В конце первой пятилетки, преодолевая отрыв от реальности (планировалось объектов на 1413089 рублей, а возможно на 650 тысяч) [19], президиум горсовета 17 апреля 1932 года принял решение к 1 мая “пересмотреть программу развития коммунального хозяйства, уточнить таковую с учётом реальности её выполнения, исключив объекты, не имеющие под собой финансовой базы (постройка клинкерного, черепичного и керамического заводов, 3-х этажного коммунального дома и т. п.) [20].
В результате выполнения первого пятилетнего плана в Котельниче были сданы в эксплуатацию фабрика стройдеталей мощностью 500 тыс. кв. метров продукции, объём капиталовложений составил 500 тыс. рублей; лесопильный завод мощностью 300 тыс. куб. метров, электростанция, машинно-тракторная мастерская с мощностью капитального ремонта - 300 тракторов, два льнозавода, реконструирован механический завод с увеличением мощности в 10 раз. Валовая продукция промышленности увеличилась с 535 тыс. рублей в 1930 г. до 7776 тыс. рублей в 1933 году, число рабочих за эти же годы - с 214 до 1488. За 4 года в новое строительство было вложено 1378 тыс. рублей. Существенно возросли объёмы кустарной промышленности с 600 до 2880 тыс. рублей. Промыслами было занято: в обозостроении - 602 чел., пищевкусовыми - 467, кожевенными - 575, деревообрабатывающими - 440, швейными - 155, всего 2239 [21].
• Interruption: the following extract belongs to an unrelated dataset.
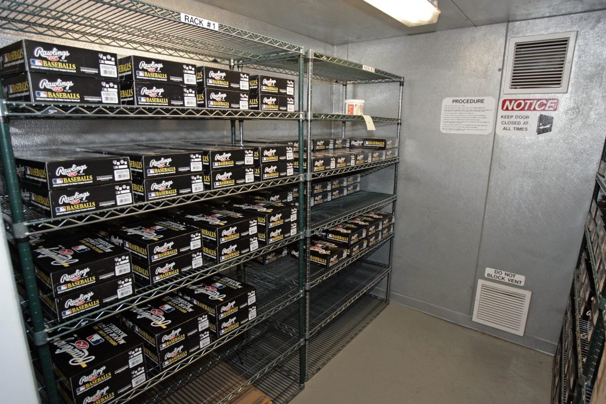 The famous Coors Field humidor is shown before Game 3 of the NLCS in Denver in 2007. The Rockies found baseballs were drying up and shrinking in Denver’s thin air but the humidor keeps them regulation size throughout the season. MLB has since standardized the practice across the league. (AP Photo/Ed Andrieski)

В 1929 - 1932 годах шло строительство и объектов социальной сферы: были сданы в эксплуатацию здания почты (совр. улица Луначарского, 93), амбулатории (совр. улица Советская, 41), бани (совр. улица Шмидта, 26), стадион “Динамо” (совр. улица Советская, 132). До 40503 кв. метров увеличился жилой фонд, который включал в себя 93 муниципальных и 35 ведомственных зданий, 521 частновладельческий дом. При этом обеспеченность жилплощадью одного жителя достигла 3,67 кв. метра [22]. Велись работы по озеленению города, разбивке парков и скверов.
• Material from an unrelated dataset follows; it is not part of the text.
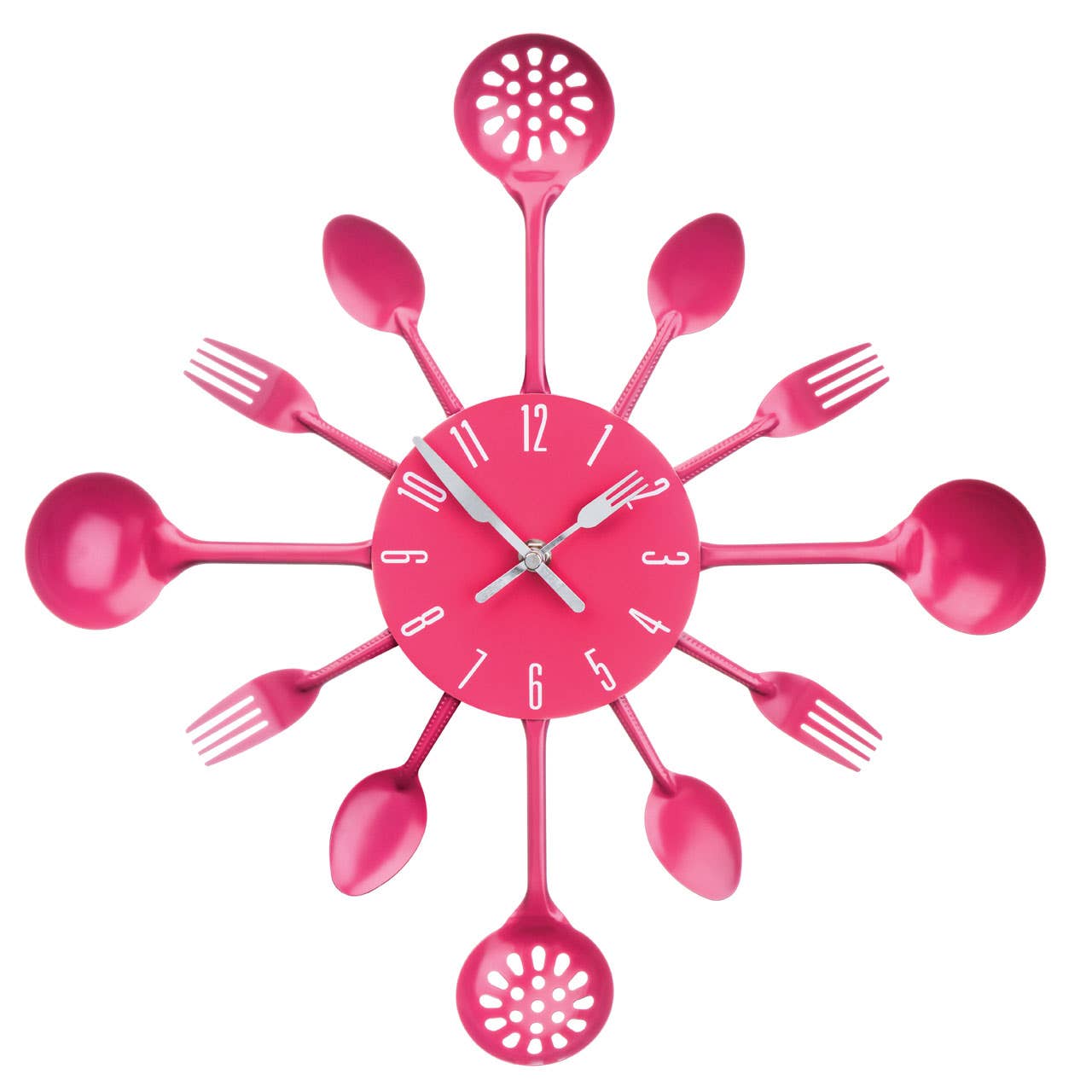 Vibrant Pink Kitchen Utensil Wall Clock is backordered and will ship as soon as it is back in stock.

Большой шаг вперед был сделан в повышении образовательного уровня населения. В одиннадцати школах обучалось 2458 детей, из них семилетнее образование получали 1457 человек. Для подготовки учительских кадров в 1931 году был открыт педагогический техникум, который позднее будет преобразован в педагогическое училище, а с 1939 года - в государственный педагогический институт с тремя факультетами: русского языка и литературы, историческим и физико-математическим.
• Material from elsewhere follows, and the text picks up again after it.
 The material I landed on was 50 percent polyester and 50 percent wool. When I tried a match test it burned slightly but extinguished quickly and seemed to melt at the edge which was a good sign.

Происходили изменения и в работе учреждений здравоохранения. Число врачей возросло с 8 до 20, фельдшеров - с 6 до 10, акушерок - 5 до 10. Коечный фонд достиг 140 коек [23]. В амбулатории были оборудованы кабинеты специального лечения - рентгеновский, физико-терапевтический, бактериологический [24].
За годы первой пятилетки жизнь в Котельниче изменилась, и планы построить большевистский город начали осуществляться.
ОБЩЕСТВЕННАЯ ЖИЗНЬ
Строительство социализма в СССР проходило в сложной международной обстановке. Реальные военные угрозы со стороны ряда государств, подавление рабочего движения на Западе использовались советской пропагандой для формирования у населения с одной стороны образа врага в лице капиталистических держав, с другой - для развития движения международной солидарности рабочих.
Котельничане живо откликались многочисленными мероприятиями на происходящие в мире события.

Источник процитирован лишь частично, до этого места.